State Ex Rel. Cincinnati Insurance v. Circuit Court for Milwaukee County

JON E WILCOX, J.

¶ 21. (concurring). I agree with the court's analysis and holding in the present case. I write separately to emphasize that this court's decision should not be viewed as expanding substitution.

¶ 22. Wisconsin Stat. § 801.58 (2001-2002), which governs substitution of judges, makes clear that substitution is to he granted under limited circumstances. Section 801.58(1) includes time limits for requests and further, as noted by this court, "[t]he purpose behind sec. 801.58(3) is to limit substitution requests to 'one per side.'" State ex rel. Carkel, Inc. v. Circuit Court for Lincoln County, 141 Wis. 2d 257, 265, 414 N.W.2d 640 (1987). Under §801.58(3), "parties united in interest and pleading together shall be considered as a single party."

¶ 23. This court's decision interprets "united in interest" under the circumstances presented and appropriately holds that because Continental Insurance Company and Cincinnati Insurance Company provided different types of policies during different periods of time, the companies were each entitled to request substitution. It is the particular circumstances presented that make substitution appropriate. As discussed by the court, in contrast to the facts presented in Carkel, we find in the present case that the companies have directly adverse interests based on the different types of coverage and periods of coverage provided by each carrier. Majority op., ¶ 18. In ¶¶ 16-17, the court notes that the parties have some common interests, but finds that these interests are insufficient because the *112parties would be oppositely affected by the court's determination of when the damages occurred.
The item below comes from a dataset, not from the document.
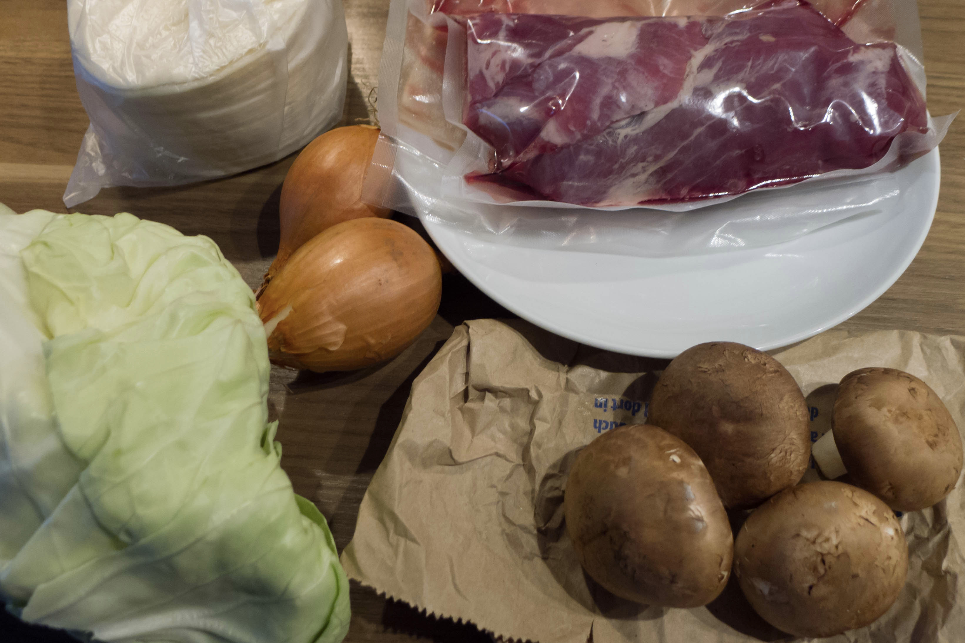 Uns hungerte mal wieder nach Teigtaschen. Da wir sowohl einige ostasiatische Teigtaschen als auch russische und mittelasiatische kennen und mögen, ist die Entscheidung für eine bestimmte Variante manchmal nicht einfach. Wenn man am Wochenende die Vorräte studiert, kommt dabei auch mal eine ganz neue Variante zustande – so auch heute. Die Sortierung und Sichtung des Gefrierfaches hatte eine „abgelaufene“ Packung taiwanischer Dumplingskins zu Tage gebracht. Diese hatten zwar noch keinen Gefrierbrand angesetzt, sollten dann aber doch mal weg. Hinzu kamen Reste eines Kohlkopfes, vier einsame Champignons und ein Stück Wildschwein.

¶ 24. Courts should be wary of cases in which the different interests alleged may be merely facial. It is rare for parties to share exactly the same interests in an action. Based on the language of this case, parties may attempt to emphasize their differences in order to get additional substitutions. Today's decision should be read to mean that courts facing multiple substitution requests in the same case should carefully examine the facts and circumstances to determine whether parties are, in fact, united in interest, or have directly adverse interests that require allowance for multiple substitutions. The rule has been, and remains, "one per side."